Еще одно телеэкранное рукопожатие. Беседа с пацаном напоминает Ландсману процедуру с мезузой: начал во здравие, кончил за упокой.
– С чего это ты за шахматы взялся? – спрашивает Эстер-Малке, когда Ландсман возвращается в кухню.
– Что ты, что ты, чур меня, какие шахматы! – ужасается Ландсман. Он взбирается на «свою» табуретку, ковыряется в крохотных пешечках, слониках, кониках и королечках дорожных шахмат, выстраивает из них композицию, оставленную покойным «Эмануилом Ласкером». Фигурки почти неразличимы, увертываются, не даются в руки.
– Ну, чего уставилась? – раздражается он. – Давно не видела?
– Ландсман, дьявол… – Эстер-Малке всматривается в его руки, переводит взгляд на лицо. – Тебя ж трясет.
– Ночь не спал.
– А-а-а…
Прежде чем вернуться в школу, окончить ее, стать социальным работником и выйти замуж за Берко, Эстер-Малке недолго, но весьма бурно бултыхалась на социальном дне Южной Ситки. На счету ее одно-другое мелкое преступление, татуировка по низу живота, в которой она теперь раскаивается, челюстной мост – память о последнем контакте с каким-то насильником. Ландсман знаком с ней дольше, чем Берко, впервые задержал ее по обвинению в хулиганстве, еще перед тем, как она бросила школу. Эстер-Малке знает, как обращаться с неудачниками, знает по опыту и чувствует нутром, она не тратит время на упреки, она помнит свою растраченную молодость. Эстер-Малке подходит к холодильнику, открывает дверцу. Бутылка «Брунер-Адлер», уже без пробки, переходит из ее руки в руку Ландсмана. Ландсман прижимает холодное стекло к виску, затем присасывается к горлышку.

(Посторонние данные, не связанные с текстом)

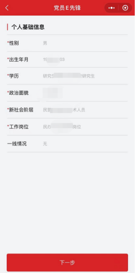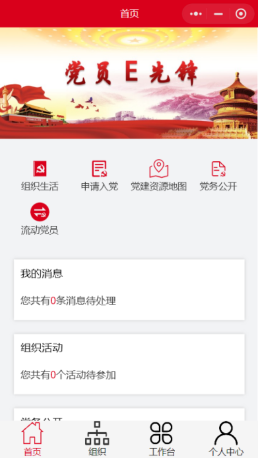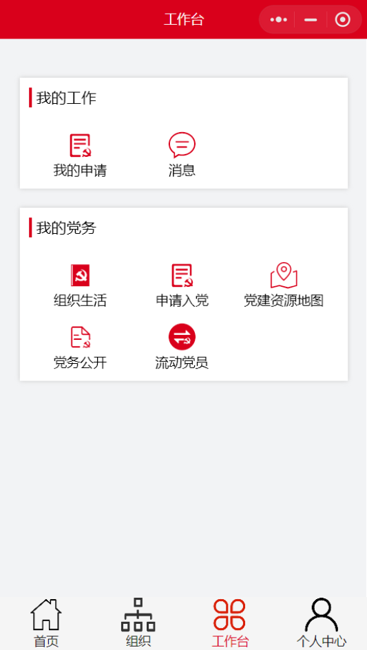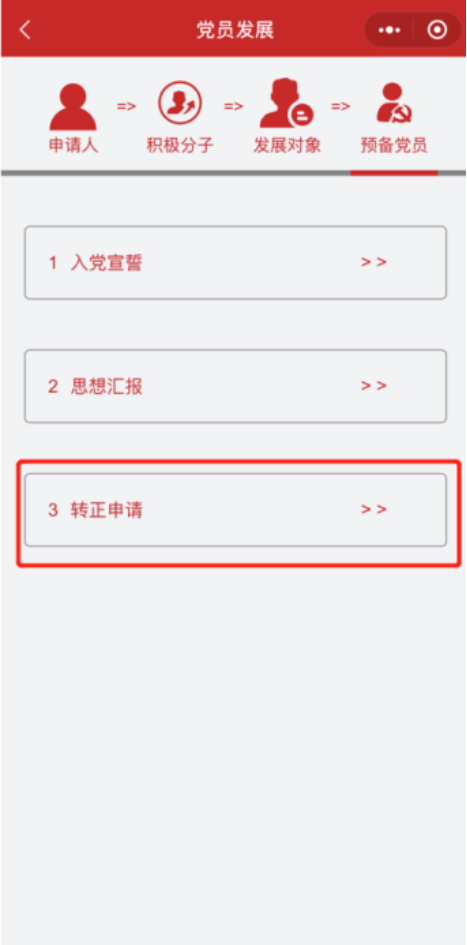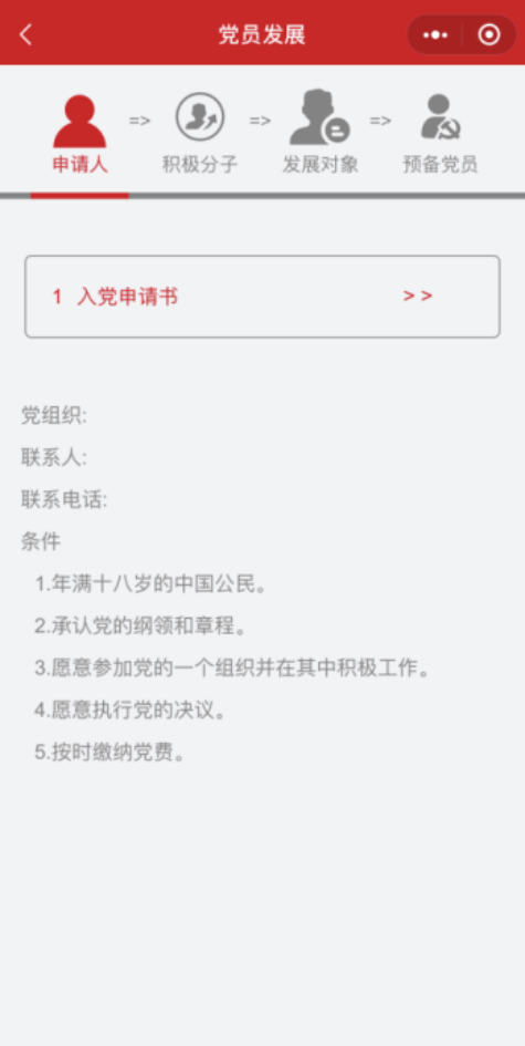 1.在首页中直接点击“申请入党”按钮,或在工作台-我的党务-中点击“申请入党”按钮,进入“党员发展”页面。

– Что, задержка? – интересуется он, несколько оклемавшись.
Она изображает на лице сожаление, сует руку в карман халата, сжимает палочку индикатора беременности, но не вытаскивает ее. Ландсман ее понимает. Поднималась уже эта тема. Эстер-Малке считает, что он завидует ей, Берко и их программе воспроизводства, воплотившейся в двух здоровых сыновьях. Да, завидует, но в этом не признаётся. И никогда не признается.

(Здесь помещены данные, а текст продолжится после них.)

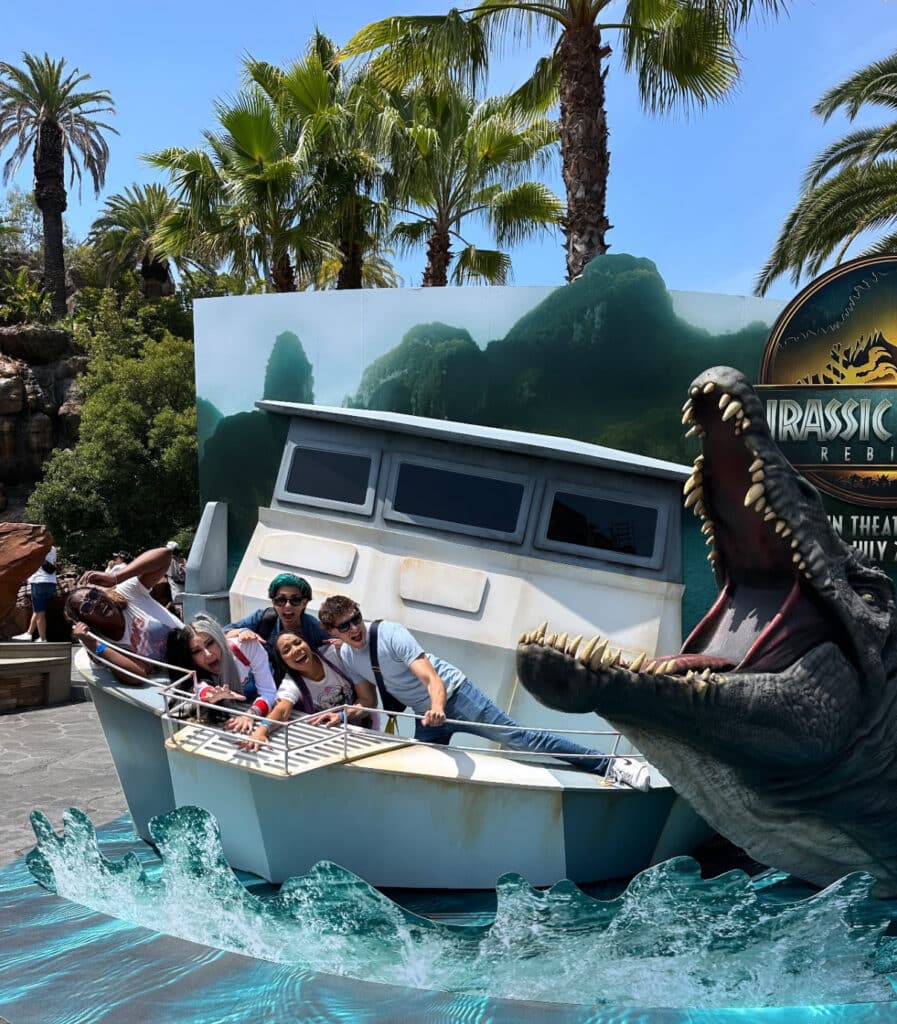 There's also a very cool  Jurassic World Rebirth photo op featuring a horrifying Spinosaurus dinosaur. And you know, it actually lends itself to the experience if you ride Jurassic World first and step into the scene proper misted and wet.

– У, бл… – взрывается он, уронив черного слона. Фигура – фигурка – упала, подпрыгнула и спряталась где-то под стойкой бара.
– Хоть белый?
– Черный, черт бы его… Сло-оник. Зараза… Сгинул.
Эстер-Малке подходит к шкафчику, затягивает потуже пояс халата, открывает дверцу, изучающее всматривается в содержимое полок.
– Вот, – говорит она, снимает с полки коробку шоколадной крошки, открывает ее, высыпает на ладонь несколько темных застывших капелек, протягивает ладонь Ландсману. – Вполне сойдет.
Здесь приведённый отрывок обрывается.